The following example, which produces the same output, shows that you can dispense with the MatchCollection variable altogether:

     Dim MatchObj as Match

     For Each MatchObj in R.Matches(Target)

          Console.WriteLine("Match: " & MatchObj.Value)

     Next

Finally, as a comparison, here's how you can accomplish the same thing another way, with the Match (rather than Matches) method:

     Dim MatchObj as Match = R.Match(Target)

     While MatchObj.Success

          Console.WriteLine("Match: " & MatchObj.Value)

          MatchObj = MatchObj.NextMatch()

     End While

RegexObj.Replace( target , replacement ) Return type: String
RegexObj.Replace( target , replacement , count )
RegexObj.Replace( target , replacement , count , offset )

The Replace method does a search-and-replace on the target string, returning a (possibly changed) copy of it. It applies the Regex object's regular expression, but instead of returning a Match object, it replaces the matched text. What the matched text is replaced with depends on the replacement argument. The replacement argument is overloaded; it can be either a string or a MatchEvaluator delegate. If replacement is a string, it is interpreted according to the sidebar on the below. For example,

     Dim R_CapWord as New Regex("\b[A-Z]\w*")

        .

        .

        .

     Text = R_CapWord.Replace(Text, "<B>$1</B>")
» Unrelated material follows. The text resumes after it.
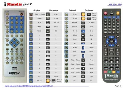 Un document est inclus pour vous aider à utiliser facilement la nouvelle télécommande, en indiquant la correspondance des boutons.

wraps each capitalized word with <B>···</B>.

If count is given, only that number of replacements is done. (The default is to do all replacements). To replace just the first match found, for example, use a count of one. If you know that there will be only one match, using an explicit count of one is more efficient than letting the Replace mechanics go through the work of trying to find additional matches. A count of -1 means "replace all" (which, again, is the default when no count is given).

If an offset (an integer) is provided, that many characters in the target string are bypassed before the regex is applied. Bypassed characters are copied through to the result unchanged.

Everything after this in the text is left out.